Percentage time during PT1 and PT2 spent in the training and opposite quadrants of the pool (left and right lanes) and the reminder treatment (grey central lane). The training location is represented as a red circle in the NE quadrant, and the novel location (novel subgroups only) as a black circle in the SW quadrant. In practice, NE and SW quadrants were counterbalanced. Rats with partial hippocampal lesions were unable to remember the platform location on PT1 but could be reminded of the training location by exposure, at the end of PT1, to a platform in the original or a novel location. (Note that the ‘reminder' lane simply refers to this exposure to a platform—PT1 is itself the ‘reminder trial.') The key finding is that the improvement in PT2 occurred irrespective of the platform location during reminding. In contrast, sham-lesioned animals exhibited some reversal learning upon exposure to the platform in a novel location. Complete-lesioned rats did not remember the platform location during either PT1 or PT2. *p < 0.05; **p < 0.01; n.s. = nonsignificant; comparisons with chance = 50%; one-sample t-tests.
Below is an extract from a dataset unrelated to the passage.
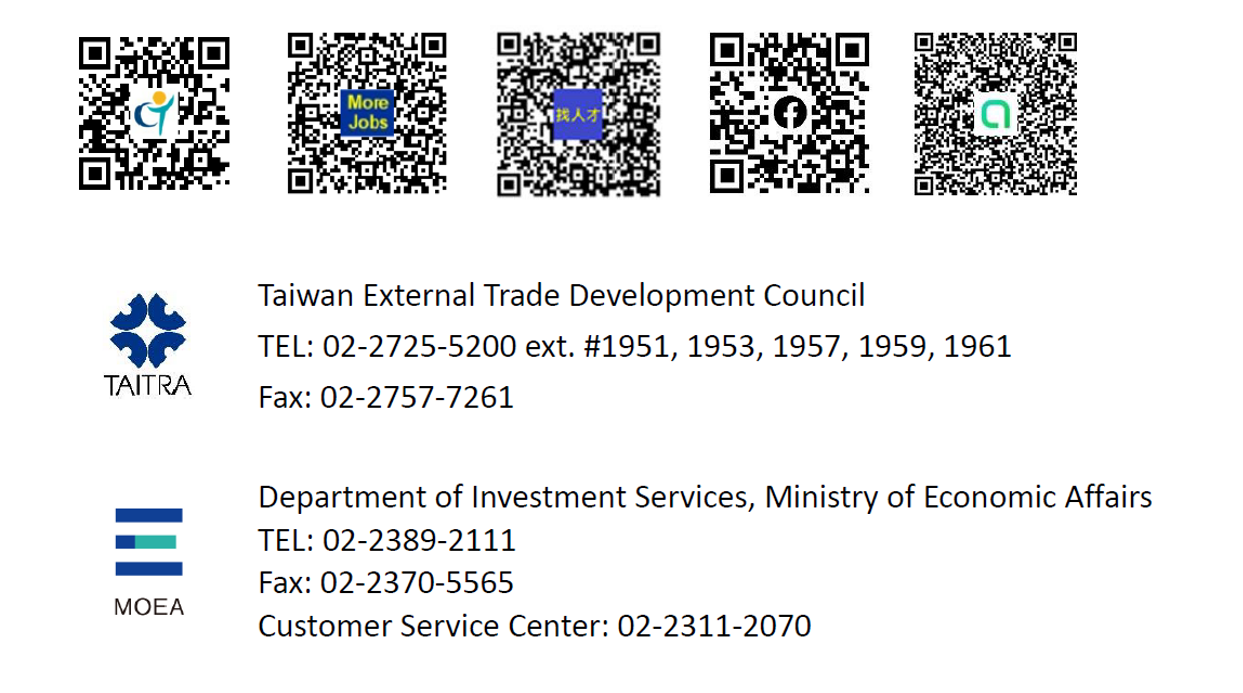 Contact TAIWAN: https://contacttaiwan.tw/MainOne/Home.aspx Job Fairs Contacts: jennfr@taitra.org.tw
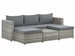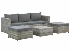 Ten funkcjonalny zestaw wypoczynkowy doskonale uzupełni każdą przestrzeń zewnętrzną. W zestawie są 4 części, które można łączyć lub stawiać osobno. Sofa trzyosobowa ma podnoszone siedzisko po obu stronach, dzięki czemu może służyć jako leżanka. Z dołączonymi podnóżkami możesz stworzyć sofę narożną. Stolik kawowy ma wystarczająco dużo miejsca, aby cieszyć się lunchem na świeżym powietrzu. Zestaw wykonany jest z trwałego sztucznego rattanu o czesanym splocie i wyposażony w grube poduszki zapewniające wygodę.

Representative swim paths are included.

Figure 5. Retention Testing: Zone Analysis

Percentage time in PT1 (left) and PT2 (right) spent within a zone, 20 cm in radius, centred on either the original training location (broken circle; grey) or an equivalent location in the opposite quadrant (broken circle; yellow), expressed as a percentage of the total time spent in both of the zones. The reminder treatment is again shown as the grey central lane and as the location where the hidden platform became available at the end of PT1 within these zones (original = red; novel = black). Consistent with Figure 4, rats with partial hippocampal lesions were amnesic in PT1 but could be reminded of the correct location, even by exposure to the platform in a novel location. *p < 0.05; **p < 0.01; n.s. = nonsignificant; comparisons with chance = 50%; one-sample t-tests.

Figure 6. Novel Context Learning

Percentage time spent in the target quadrant containing the escape platform during one-trial new learning in a different pool. *p < 0.05; n.s. = nonsignificant; comparison of percentage time spent in training zone during PT_n1 and PT_n2; paired-sample t-tests. New learning was observed only in sham-lesioned rats.